BEGIN

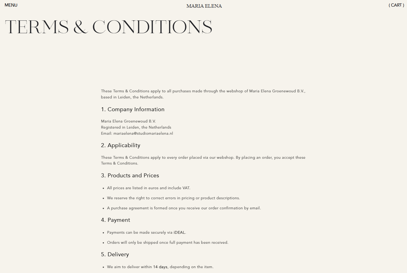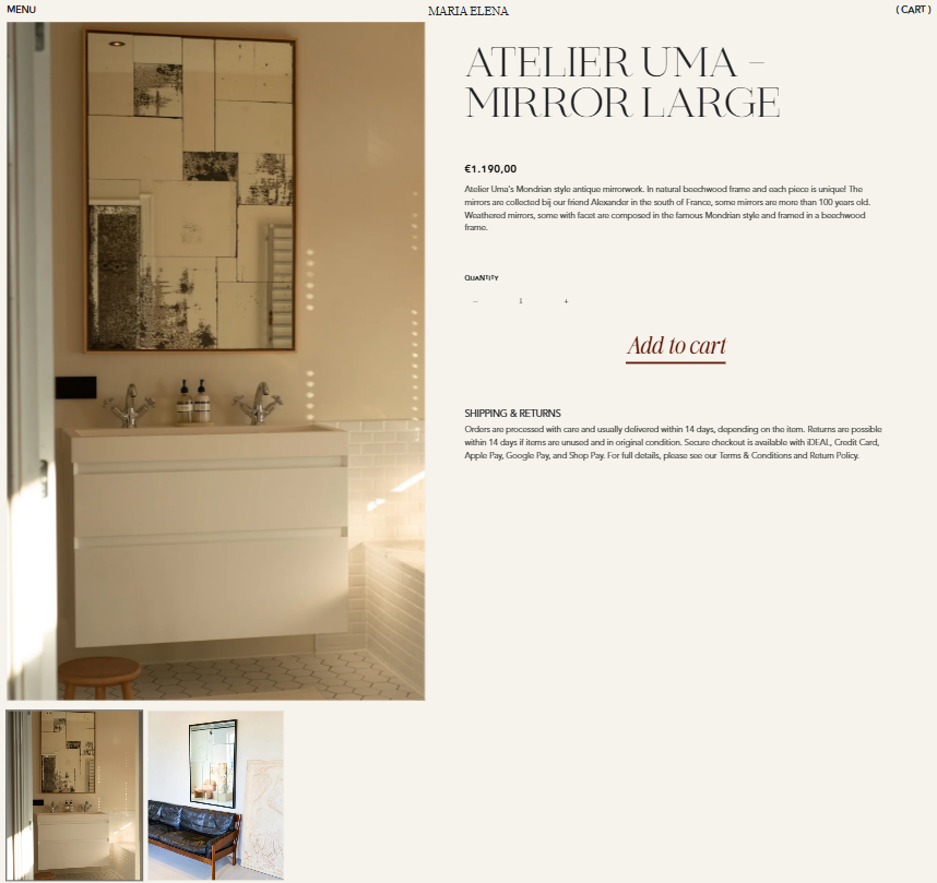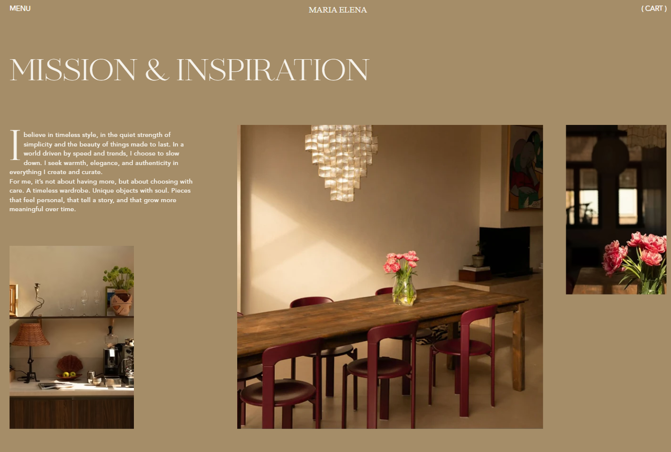 Founded by Maria Elena Groenewoud, Studio Maria Elena blends modern design with carefully selected vintage finds. The brand focuses on interiors and objects that feel personal, meaningful, and enduring.
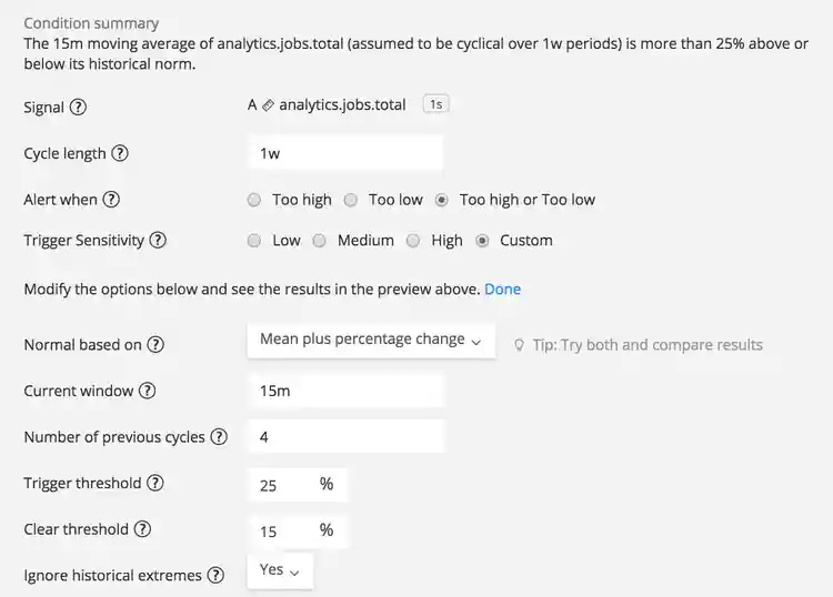 Choosing to Alert when the value is Too low and a value of 25% for Trigger threshold, for example, will alert when the 15-minute rolling mean is at least 25% smaller than the median of the historical means. Choosing Too high alerts when at least 25% larger, and Too high or Too low (our choice) alerts when at least 25% larger or smaller.
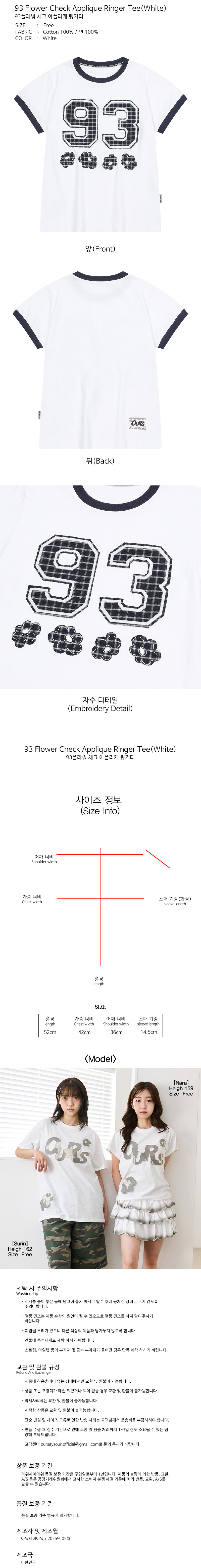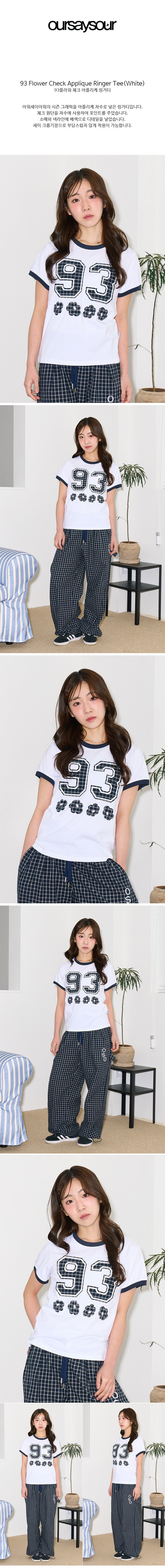 93 플라워 체크 아플리케 링거티 화이트

END

_PROBLEM DETAILS_
Please transcribe the listing above verbatim and exclude every picture.

_EXERCISE ANSWER_
 Founded by Maria Elena Groenewoud, Studio Maria Elena blends modern design with carefully selected vintage finds. The brand focuses on interiors and objects that feel personal, meaningful, and enduring.
 Choosing to Alert when the value is Too low and a value of 25% for Trigger threshold, for example, will alert when the 15-minute rolling mean is at least 25% smaller than the median of the historical means. Choosing Too high alerts when at least 25% larger, and Too high or Too low (our choice) alerts when at least 25% larger or smaller.
 93 플라워 체크 아플리케 링거티 화이트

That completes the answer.